А Луко только того и нужно было. Он поклялся во что бы то ни стало спасти своего господина, а если он принимал какое-то решение, то непременно выполнял.

К сожалению, в данном случае, как ни странно, самые большие сложности создавал сам дон Гусман. Он желал умереть. Луко без конца ломал себе голову, не зная, как преодолеть это препятствие. На все его резоны дон Гусман отвечал, что чаша терпения переполнилась, что жизнь ему в тягость и что единственное благо, на которое он уповал, была смерть.

Луко не мог найти эти доводы убедительными и горестно качал головой. Однажды Луко пришел навестить дона Гусмана с такой сияющей физиономией, что тот не мог этого не заметить и поинтересовался, что это значит.

— Наконец, я придумал, как вас убедить.

— А ты опять за свое, — сказал дон Гусман с печальной улыбкой.

— На этот раз колебаться нельзя. Через два дня состоится суд.

— Чем скорее, тем лучше. Скорее бы наступил конец, — прошептал дон Гусман со вздохом облегчения.

— Так вот, у вас есть надежные друзья, сеньор, в том числе консулы французский и английский. На рейде стоит прекрасная французская шхуна, которая ждет только вас, чтобы выйти в море.

— Если так, то она рискует никогда не покинуть Буэнос-Айрес.

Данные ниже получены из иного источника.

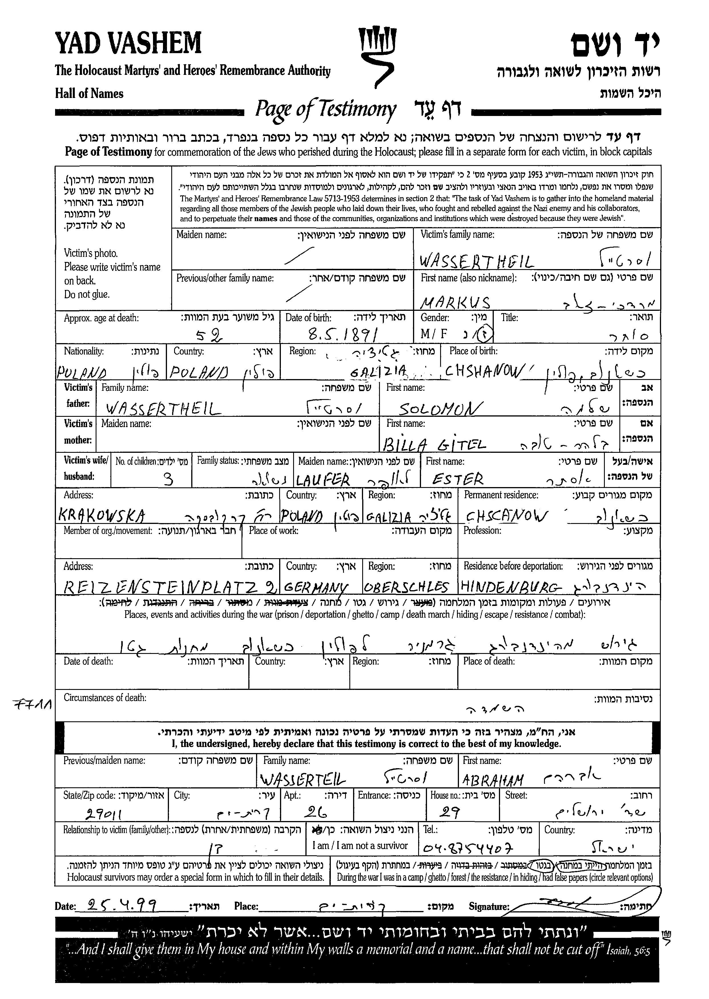 Wassertheil Mordekhai Zeev Markus 1891 Chsanov, Pologne Feuille de témoignage

— А я так не думаю. Я уже договорился с французским консулом. Послезавтра шхуна снимется с якоря и пошлет за вами лодку. На шхуне вы оказываетесь под защитой французского флага, и никто не посмеет вам ничего сделать.

— В последний раз выслушай меня хорошенько, Луко, — сказал дон Гусман твердым голосом. — Я не хочу — слышишь! — я не хочу спасения. Я хочу, чтобы моя смерть послужила проклятием тирану. Благодарю тебя за преданность, мой добрый слуга, но требую, чтобы ты не подвергал более себя опасности из-за меня. Обними меня и не будем больше говорить об этом.

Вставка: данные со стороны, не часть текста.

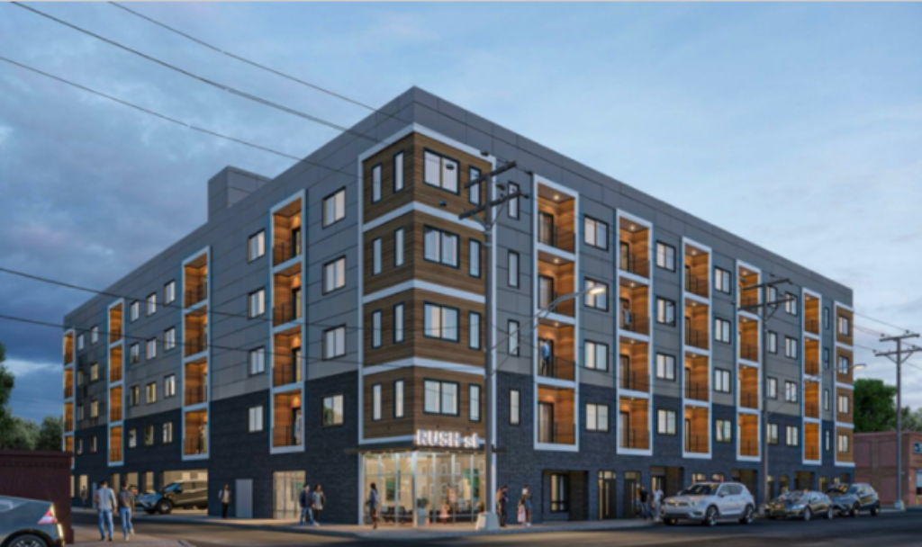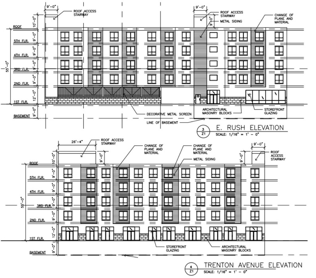 Multiple building permits have been pulled for the project within the past week, so we expect to see work get started soon. This project is just across Trenton Avenue from another proposal that is full steam ahead. 2149 E. Rush St. has also received building permits and machinery is on-site. 72 units will be included in this five-story building along with artist studios. Check out what’s coming, with architecture courtesy of DesignBlendz.

— Итак, ваше решение твердо и ничто не может заставить вас изменить его?

— О! Может быть, единственный человек был бы способен повлиять на меня, но этот человек не знает о том, что происходит. К счастью для нее, она лишилась рассудка, а с рассудком и терзающих сердце воспоминаний.

Луко улыбнулся и, расстегнув мундир, вынул письмо из нагрудного кармана, которое молча подал дону Гусману.

— Что это, Луко? — воскликнул дон Гусман, не решаясь взять письмо.

— Читайте, читайте, — ответил старый слуга. — Я хотел сделать вам сюрприз, как только вы окажетесь на свободе, но вы так упрямы, что вынудили меня сделать это теперь.

Дон Гусман распечатал письмо дрожащей рукой и быстро пробежал его глазами.

— Боже всемогущий! — вскричал он в волнении. — Возможно ли? К Антонии возвратился рассудок, она приказывает мне жить!

— Будете вы повиноваться мне на этот раз?

— Делай, что хочешь, Луко, я буду повиноваться тебе во всем. О, теперь я хочу жить!

— Вы будете жить, клянусь вам, — и Луко попрощался с доном Гусманом.

Наконец настал день суда. Диктатор, зная настроение горожан в связи с предстоящим судом, позаботился о том, чтобы укрепить гарнизон Буэнос-Айреса частями из других городов скорее для острастки друзей дона Гусмана нежели для охраны его.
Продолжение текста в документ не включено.